From 2014-15 the annual allowance, per person, for an ISA is £15,000. Since the introduction of PEPs and TESSAs in 1986 and 1990, there has been no shortage of vehicles to protect savings from tax. Those allowances accumulate each year. Careful use of the allowances comfortably give a saver over £100,000 of tax-free savings. From 2014-15, wealthy savers will be able to put aside more than a full-time minimum wage, with no tax to pay on the interest.

Perverse incentives

Tax on savings creates strange incentives. A small allowance makes one reluctant to withdraw savings for fear of losing the privilege for ever. Meagre returns can look better than genuine investments simply because of their tax status, so some bad decisions get taken. The immense marketing effort among financial services companies that surrounds the end of each tax year leaves me wondering who is the major beneficiary of these investments. Providers only need to offer a gross return marginally better than net returns elsewhere.

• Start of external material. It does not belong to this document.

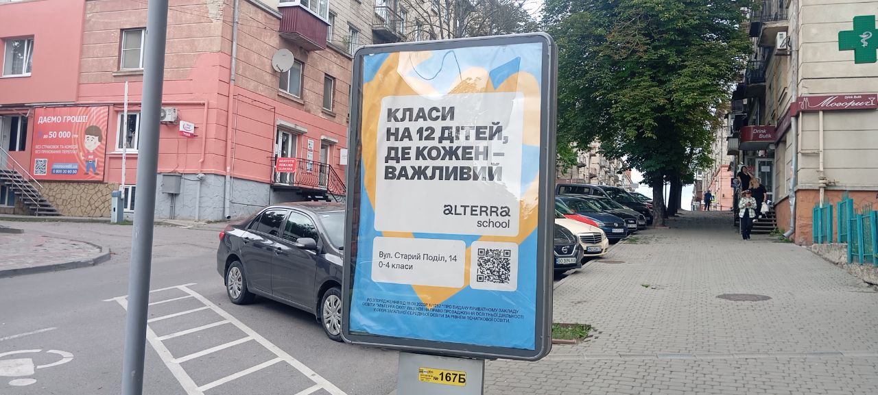 The Citylight on Shashkevycha Street, 1, located in the very heart of Ternopil's Central district, is an extremely effective spot for your advertising. This location is characterized by high pedestrian and vehicular traffic, as it is situated next to the popular "Stara Pitseriia" (Old Pizzeria) and in close proximity to major commercial objects such as the "Ornava" shopping center and "Silpo" supermarket. The constant flow of visitors to shops, eateries, as well as to the "Oxford Medical Ternopil on Ruska Medical Center" (≈640 m), guarantees maximum contact of your message with the target audience. This is an ideal solution for promoting retail stores, catering establishments, medical services, or banks, as it allows you to reach residents of the area, shopping center customers, business clients, and casual passers-by. The bright and clear image on this Citylight will ensure excellent visibility of your offer. Don't hesitate to let Citylights in this bustling part of the city start working for your business: book this space today while it is available in Ternopil!

Savings as an alternative to welfare

Tax on interest is only really intended to guard against avoidance by people that can engineer their remuneration in the form of interest rather than salary. In other respects, a healthy level of saving lets people protect themselves against temporary financial shocks. Buttressed with a modicum of savings and, better still, a supportive spouse, an unemployed worker from middle earnings may well survive until finding the next job without even visiting the job centre. From a vantage point of earning a salary, only housing benefit looks like an enviable quantity. The rest is a lot of hassle for little money.

The Chancellor needs to rethink his attitude to savings in the light of this comparison. The level of individual savings worth encouraging with tax advantages should be commensurate with the savings allowed before tapering means-tested benefits. At £16,000 of savings, a benefit recipient is deemed to receive £40 per week, plus an initial disregarded sum of £24. At a more realistic 1% interest rate, that weekly income requires not just £16,000 but over £300,000. If that looks like too much, it is largely because savers have been receiving only derisory interest for some years. When easy-to-access savings are once again paying around 4% and are ahead of inflation, the economy will be a step closer to being rebalanced. Until then, we should remember that savings are the individual alternative to welfare. If we force people not to save so they can qualify for benefits, then we trap them in the safety net.